Our Janet Wilson has a deeply reported piece out through California Watch on the suspected links between persistent illnesses among members of one Maywood, California, family, and industries adjoining their neighborhood (in this separater piece Janet explains her reporting). From her story:
The Martin family lives 10 minutes from downtown Los Angeles, in a neat yellow house in a city called Maywood.
Starting a few blocks from their home, nearly 2,000 factories churn out Southern California’s hot dogs, pesticides, patio furniture and other products. Trucks rumble off the I-710 freeway into sprawling freight rail yards. Odors of rotting animal carcasses waft through the family’s windows on hot summer nights.
The Martins also have endured years of illness.
From the time Anaiz Martin was born until she was a toddler, her father would carry her in his arms, his big mustache tickling her baby cheeks. This simple embrace carried a haunting consequence. By age 3, Anaiz weighed just 19 pounds and could barely raise her head. Her parents said they were told by doctors that Salvador Martin’s mustache probably held sickening levels of lead from his plating factory job.
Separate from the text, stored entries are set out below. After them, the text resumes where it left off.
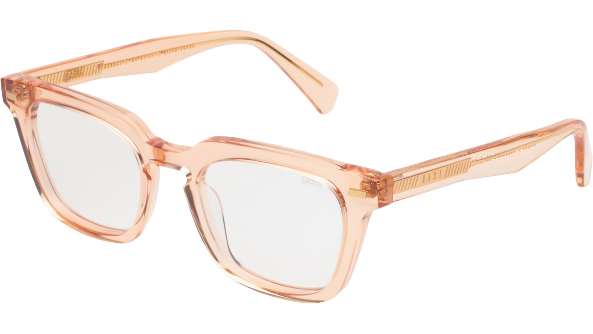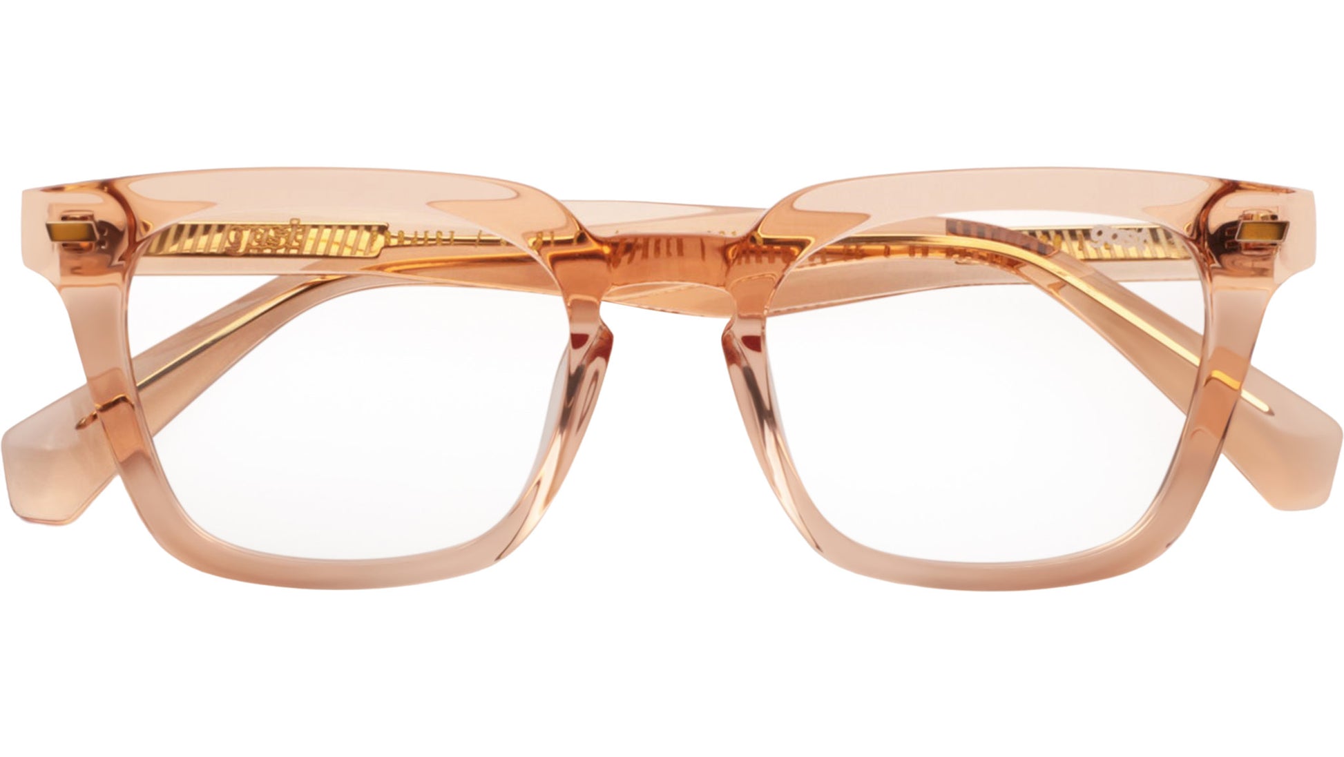 Gast CIACER glasses featuring peach squared acetate frame and demo lenses. This handmade optical frame features a distinctive peach acetate color, complemented by five barrels metal hinges for durability and flexibility. It is prescription-ready, allowing for easy customization to meet individual vision needs, and is sold with clear demo lenses for immediate use. Style code: CIACER. Color code: A904. Authorized Gast online reseller. Your glasses will include the original case and accessories and are covered by a 12-month global warranty.
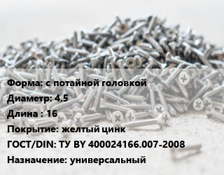 Шуруп с потайной головкой 4.5х16 желтый цинк ГОСТ: ТУ BY 400024166.007-2008 универсальный, упаковка 1000 шт, РечМЗ цена от 375.48 Р / кг, где купить, условия доставки в Витебске и Витебской области
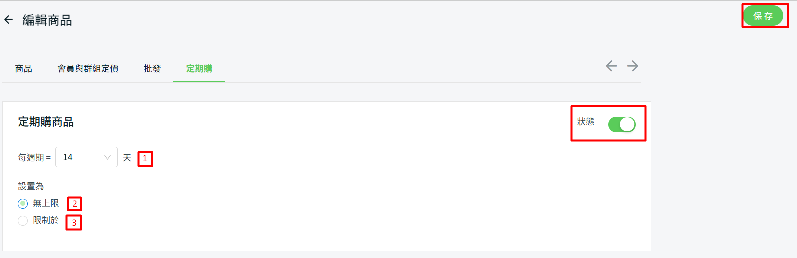步驟二:啟用定期購商品狀態>設置定期購商品相關設定>點擊保存。
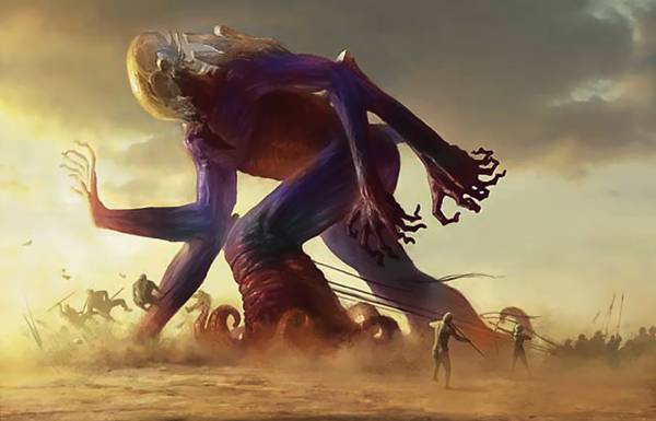 十位旅者被拉倒在地上。當夷徑者朝空中掀起了一塊巨大的土地時,有些人還被拋向了地面。其他人則是目瞪口呆地站在原地。有的人驚慌失措地逃跑。就在任何人能夠反應之前,夷徑者已經抓住了一些探險隊成員然後將他們壓扁在它觸手般的手底下。

The heavy metal attacked her neurological system, permanently robbing her of critical learning skills.
Two decades later, her family's woes continue. Anaiz, now 21, her mother and siblings – Adilene, 22, and Sal Jr., 18 – have suffered irritable bowel syndrome, an ovarian cyst, skin rashes, chronic nausea, diarrhea, asthma and depression.
Their mother, Josefina, frets constantly about what she thinks are likely causes: the air they breathe, the ground beneath their home and, most of all, the gunky black, brown or yellow water that has intermittently run from their faucets for years.
“Sometimes I think, ‘Oh my God, I can’t take it anymore,’ ” Josefina, 45, said during an interview in the summer of 2010. “I try to keep myself up and going, but I am really upset all the time. I just want to know what’s going on with my family and all of this contamination.”